Dec 01, 2016 11:09 AM IST IST | Source: Moneycontrol.com

COMMENT: 5 reasons why NPAs may not come down anytime soon

Total NPAs now stand at Rs 6,30,323 crore as compared to Rs 5,50,346 crore in June 2016. Why the number is a serious issue can be judged from the fact that it is well above the net worth of public sector banks, which stood at Rs 4,91,706.2 crore in March 2016.

Shishir Asthana
Moneycontrol Research

New non-performing assets (NPA) of banks are being added at a faster pace than older ones are being written off or restructured. According to media reports nearly Rs 80,000 crore of gross NPAs were added to the books of public sector banks over the September-ending quarter as compared to Rs 59,547 crore of loans written off by public sector bank in the entire previous fiscal.

Total NPAs now stand at Rs 6,30,323 crore as compared to Rs 5,50,346 crore in June 2016. Why the number is a serious issue can be judged from the fact that it is well above the net worth of public sector banks, which stood at Rs 4,91,706.2 crore in March 2016.

Worst still is the fact that there is no immediate solution to the NPA problem. In a written reply to the Rajya Sabha, Minister of State for Finance Santosh Kumar Gangwar said that the government had taken sector-specific measures (for infrastructure, power, road, textiles, steel etc.) where the incidence of NPAs was high.

The government has introduced an amendment to the Securitisation and Reconstruction of Financial Assets, Insolvency and Bankruptcy Code (IBC) and the Recovery of Debt due to Banks and Financial Institutions (RDDBFI) Act in the hope that the NPA issue will be resolved fast.

However, when it comes to implementation, there are serious issues on the ground which have kept NPA levels high.

Here are five reasons why NPAs are unlikely to come down anytime soon.

Ticket size: The structure of NPAs is acting as a hindrance this time around. Unlike in the past where NPAs were largely in the small and medium enterprises, this time, conglomerates are affected. Broking firm Religare held a conference on Navigating India’s NPA crisis that highlighted the reason behind the increasing NPAs. As against most of the toxic assets being in the range of Rs 100 crore to Rs 1,000 crore, this time around the NPAs are in capital-intensive companies with loan ticket sizes upward of Rs 5,000 crore.
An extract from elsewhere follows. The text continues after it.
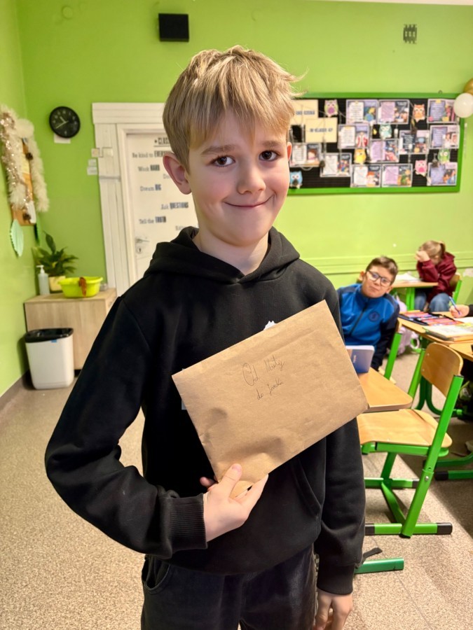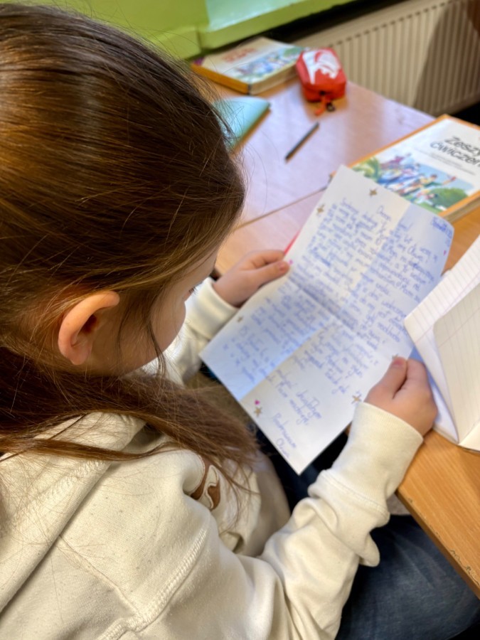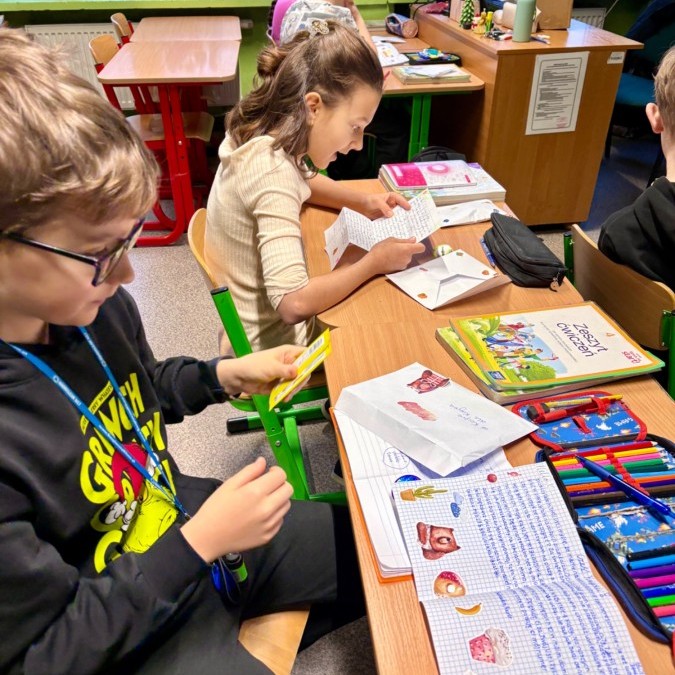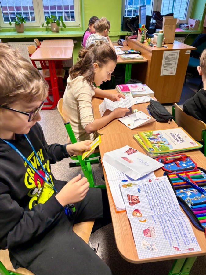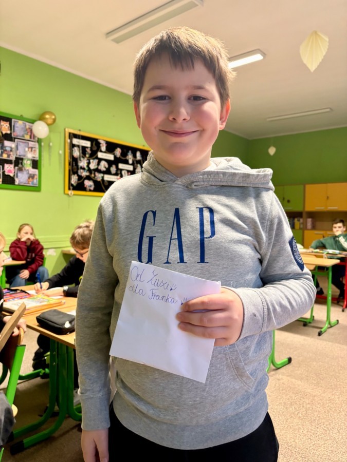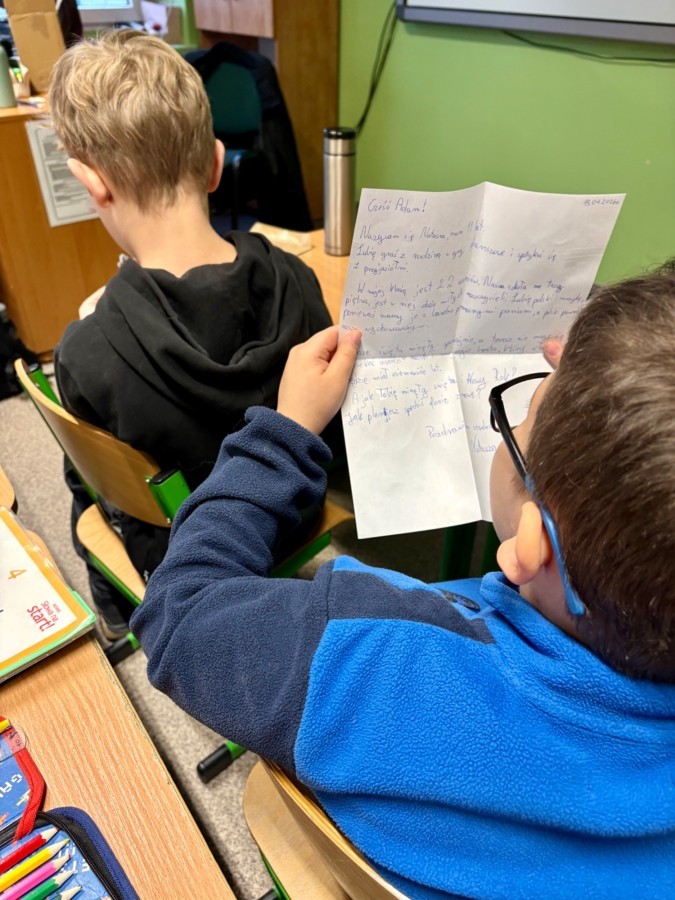 Na poniedziałkowej lekcji uczniowie klasy 4b otrzymali listy od swoich kolegów i koleżanek ze szkoły w Będzinie, do których pisaliśmy w grudniu. Każdy z naszych czwartoklasistów miał możliwość przeczytać i dowiedzieć się nieco o tym, jak wygląda nauka w innej szkole, jakie są ulubione przedmioty dzieci i jakie są ich zainteresowania i pasje. Każdy z uczniów otrzymał także drobny upominek, a listy były pięknie ozdobione i pokolorowane.

Reluctant banks: The loan ticket size results in hesitation on the part of banks to recognise them. A large part of the blame for the mountain of NPAs falls on the public sector banks’ doors. They adopted a wait and watch policy and recognised toxic assets three years too late. A Religare report says that banks have been funding stressed corporates to service interest and tried to brush the problem under the carpet.

Living on a prayer: Even after failing to try to wish away the problem, banks have not been able to aggressively sell stressed assets. As one of the speakers at a Religare conference said, one needs to sell an asset when it is sick and not when it is dead. Deals are not materialising as all the stakeholders are not on the same page. Banks are not willing to take large haircuts.

Ineffective reconstruction companies: Asset Reconstruction Companies (ARCs) have largely been unsuccessful in managing the issue despite the huge pile of NPAs. ARCs prefer to buy small to midsize companies with debt below Rs 1,000 crore. The bigger NPAs have few takers. Further, ARCs like to pick up a company which has missed a couple of debt repayments rather than when they are shut and require fresh fund infusion. Even on the smaller ones, negotiations have not moved far as banks dominate the pricing-related decisions.

Lack of ownership: Public sector banks seem to lack a sense of ownership and hence are not taking the initiative to strike deals, says the report. Though many promoters are forthcoming to resolve their trouble, largely on account of succession issues — handing over unhealthy businesses to the next generation — deal are not closing. The success rate in private banks is higher.

Unless banks are able to resolve the NPA crisis they would be reluctant to issue fresh loans or reduce interest rates. Benefits of demonetisation will be subdued unless banks pass them on to the rest of the economy.